**YOUR OBJECTIVE:**
Your copy should match the listing below word for word, with no images in it.

**DATASET CONTENT:**

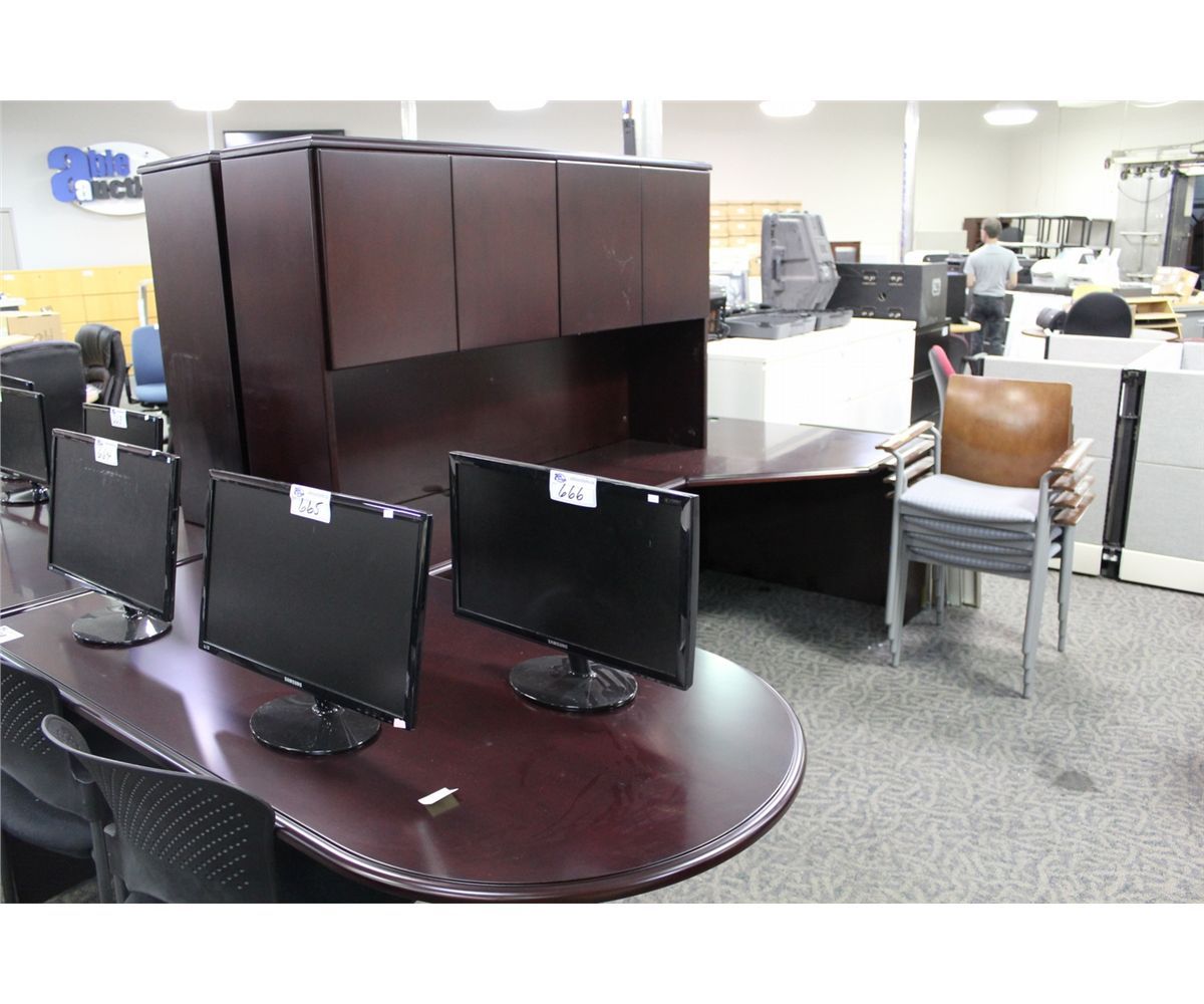 MAHOGANY P-TOP L-SHAPE EXECUTIVE DESK WITH HUTCH
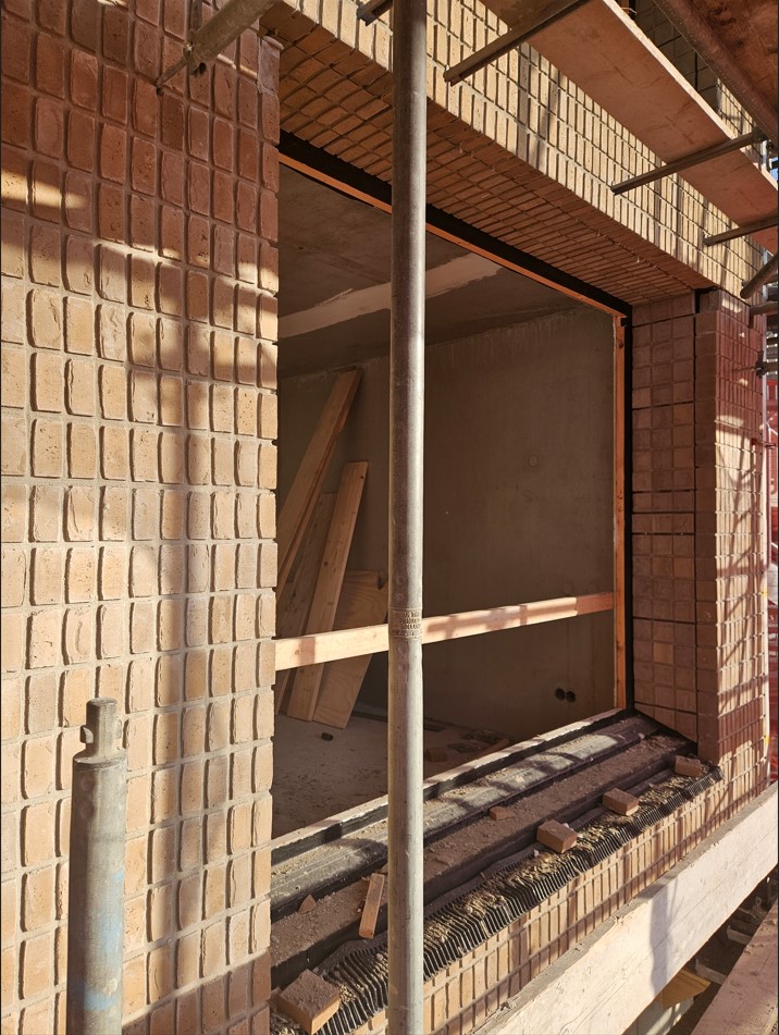 Werkvoorbereider Daan Oude Vrielink vertelt enthousiast: “Wat Metropool Zuid zo bijzonder maakt, is de technische complexiteit. We werken hier met minimale speelruimte aan een esthetisch super strak ontwerp. De gevels vereisen bijvoorbeeld precisie; we hebben geen geveldragers boven de kozijnen. Met behulp van murfor en lateihaakjes metselen we een latei dat alleen kan afdragen op de geveldragers boven de penanten. Hierdoor krijgen we het, door de architect gewenste beeld, dat het metselwerk boven de kozijnen vrijdragend is. Dat met uniek metselwerk in tegelverband maakt dat er geen ruimte is voor fouten. “Je kunt niks in het werk oplossen,” legt Daan uit. “Daarom hebben we alle beslissingen over kritische details, zoals thermische isolatie, waterhuishouding en brandveiligheid, zoveel mogelijk naar voren gehaald in het proces.”
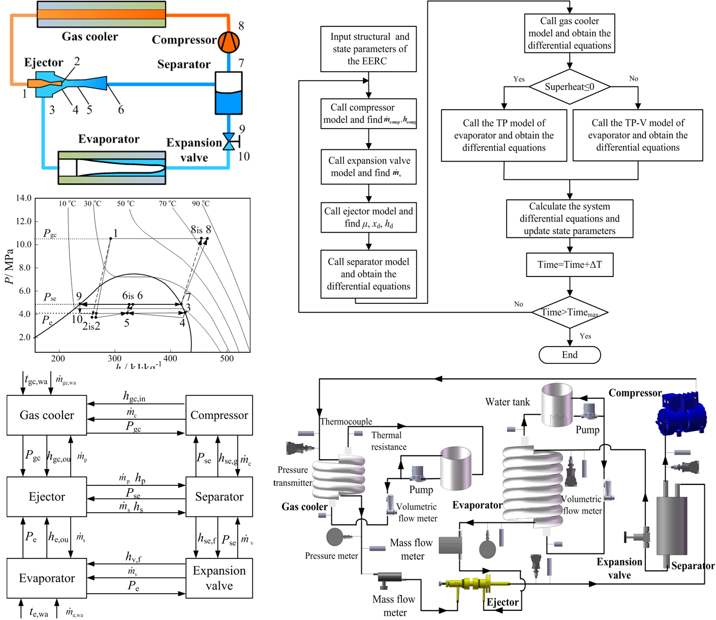 该论文建立了如图所示跨临界CO2引射制冷循环的动态模型,并通过实验验证了模型的准确性。然后分析了不同扰动情形下系统的动态响应,为引射系统的性能优化和动态策略开发提供了基础。该论文受到国家自然科学基金的支持。

**SOLUTION TO THE EXERCISE:**
 MAHOGANY P-TOP L-SHAPE EXECUTIVE DESK WITH HUTCH
 Werkvoorbereider Daan Oude Vrielink vertelt enthousiast: “Wat Metropool Zuid zo bijzonder maakt, is de technische complexiteit. We werken hier met minimale speelruimte aan een esthetisch super strak ontwerp. De gevels vereisen bijvoorbeeld precisie; we hebben geen geveldragers boven de kozijnen. Met behulp van murfor en lateihaakjes metselen we een latei dat alleen kan afdragen op de geveldragers boven de penanten. Hierdoor krijgen we het, door de architect gewenste beeld, dat het metselwerk boven de kozijnen vrijdragend is. Dat met uniek metselwerk in tegelverband maakt dat er geen ruimte is voor fouten. “Je kunt niks in het werk oplossen,” legt Daan uit. “Daarom hebben we alle beslissingen over kritische details, zoals thermische isolatie, waterhuishouding en brandveiligheid, zoveel mogelijk naar voren gehaald in het proces.”
 该论文建立了如图所示跨临界CO2引射制冷循环的动态模型,并通过实验验证了模型的准确性。然后分析了不同扰动情形下系统的动态响应,为引射系统的性能优化和动态策略开发提供了基础。该论文受到国家自然科学基金的支持。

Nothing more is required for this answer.